The Pentecostal denomination was founded by a woman nearly a century ago, but it has failed to elect another female president since.
On Tuesday, the Foursquare Church elected Oregon pastor Randy Remington its next president over general superintendent Tammy Dunahoo, who would have been the first female president since the denomination’s founder, Aimee Semple McPherson.
After the race brought in double the votes of any other Foursquare election, Dunahoo’s defeat underscores the ongoing struggle for women to reach to the highest positions in evangelical institutions, even in traditions that ordain women and affirm their roles as preachers, teachers, and leaders.

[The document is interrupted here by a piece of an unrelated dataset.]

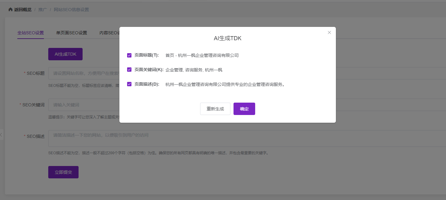 例如:网站tdk AI生成(更加智能符合seo优化设置标准)

Over the years, many have wondered, “Why hasn’t a denomination founded by a woman elected another?” Foursquare may have begun with a woman at the helm, but after decades of male leadership and moves toward the evangelical mainstream, it’s actually harder for a woman to make it to the top now.
Several mainline denominations such as the Episcopal Church, the United Methodist Church, and Evangelical Lutheran Church in America have had women in top positions, as have evangelical movements such as the Salvation Army and the Northwest Yearly Meeting of Friends (evangelical Quakers). Despite more women are enrolling in seminary and training for ministry now than any other time in history, their presence in local churches remains disproportionately small; only about 5 percent of American churchgoers have a woman as a pastor.
Women pursuing ministry today still look to Aimee Semple McPherson’s example. She founded the International Church of the Foursquare Gospel in 1923 and led the burgeoning movement—which now numbers 68,500 churches around the world—until her untimely death in 1944, when she left some big, flamboyant shoes to fill.